Exactly the lines from the one containing "Umgeben von Wiesen" through the end of the records must be reproduced; leave out all pictures.

[Data provided — start]

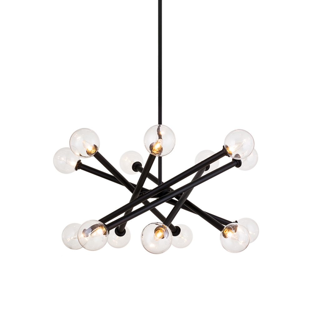 Matchstix chandelier will be a dramatic addition to any room. Modern movement in the crossing bar design will be a signature piece. Available in Aged Gold Brass or Black with either Clear or Opal glass.
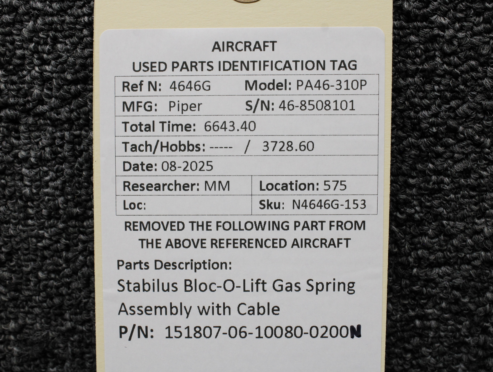 Unless specifically noted, most of our used airplane parts are sold in the condition they were removed, which means you should expect the usual signs of wear and tear.
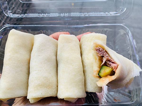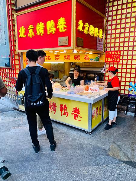 北京烤鴨卷 每盒5個10元人民幣 - 每個卷裡有一片烤鴨肉、一小條切黃瓜和一小根蔥,搭配鹹鹹甜甜的醬料,還不錯吃,小小遺憾就是吃起來皮有點多料偏少,但還是很推薦嘗試
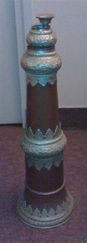 TROMPETTE en cuivre et métal argenté à décoré ciselé de fleurs et de rinceaux.
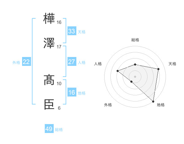樺澤 髙臣さんを姓名の画数から五運を鑑定
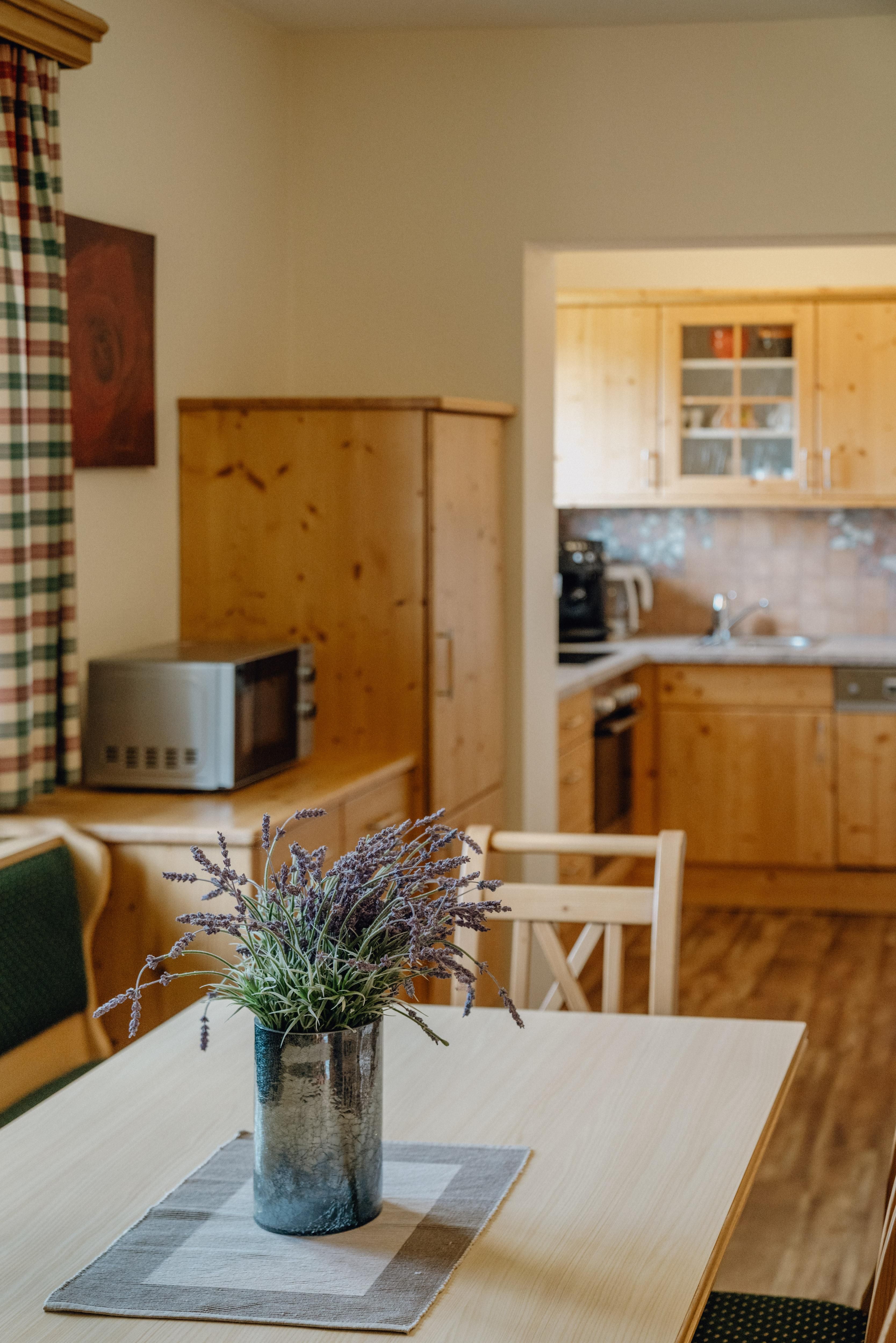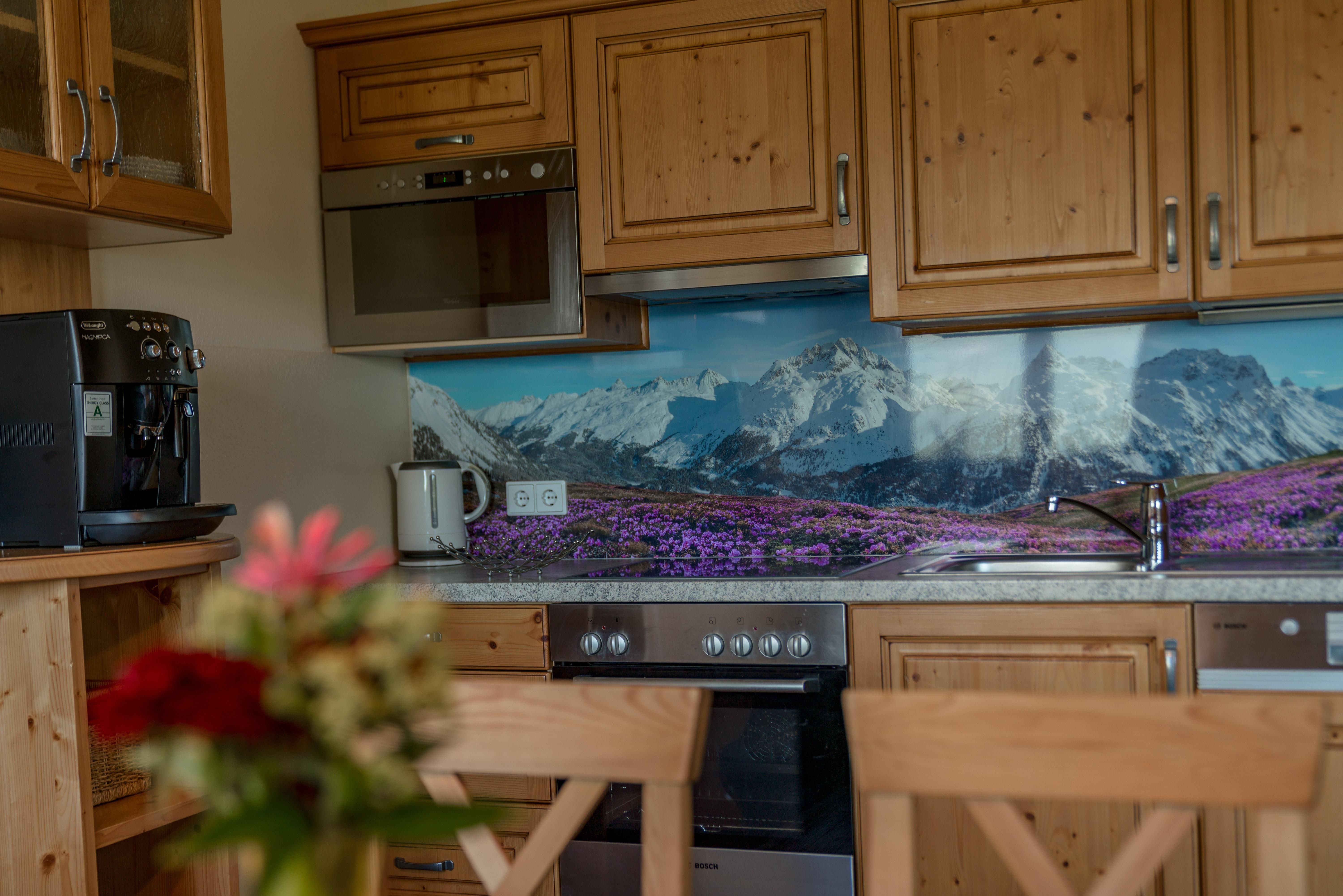 Umgeben von Wiesen und Wäldern in ruhiger, sonniger Lage auf 1.100 m Seehöhe wohnen Sie in unseren 5 neu errichteten Nichtraucher-Appartements. Wir bieten verschiedene Wohnungstypen für 2 bis 7 Personen an. Je nach Wohnungsgröße stehen Ihnen ein bis zwei getrennte Schlafzimmer zur Verfügung. Jedes Appartement hat zusätzlich ein Wohn-Schlafzimmer, eine voll ausgestattete Küche sowie Badezimmer mit Dusche und WC. Sat-TV und gratis W-Lan sind im Haus Taxegger selbstverständlich vorhanden. Was Sie aber ganz besonderes genießen werden, ist die faszinierende Aussicht vom Balkon der Appartements auf das Dachstein-Massiv.
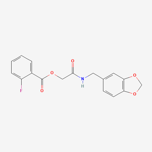 - Name: [2-(1,3-Benzodioxol-5-ylmethylamino)-2-oxoethyl] 2-fluorobenzoate
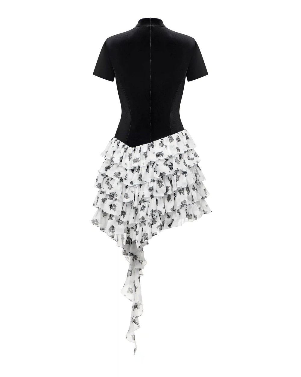 Sona, mini dress made of black velvet with a skirt of ivory chiffon with a floral print

[Data provided — finish]

▶ _Answer to the problem_:
 Umgeben von Wiesen und Wäldern in ruhiger, sonniger Lage auf 1.100 m Seehöhe wohnen Sie in unseren 5 neu errichteten Nichtraucher-Appartements. Wir bieten verschiedene Wohnungstypen für 2 bis 7 Personen an. Je nach Wohnungsgröße stehen Ihnen ein bis zwei getrennte Schlafzimmer zur Verfügung. Jedes Appartement hat zusätzlich ein Wohn-Schlafzimmer, eine voll ausgestattete Küche sowie Badezimmer mit Dusche und WC. Sat-TV und gratis W-Lan sind im Haus Taxegger selbstverständlich vorhanden. Was Sie aber ganz besonderes genießen werden, ist die faszinierende Aussicht vom Balkon der Appartements auf das Dachstein-Massiv.
 - Name: [2-(1,3-Benzodioxol-5-ylmethylamino)-2-oxoethyl] 2-fluorobenzoate
 Sona, mini dress made of black velvet with a skirt of ivory chiffon with a floral print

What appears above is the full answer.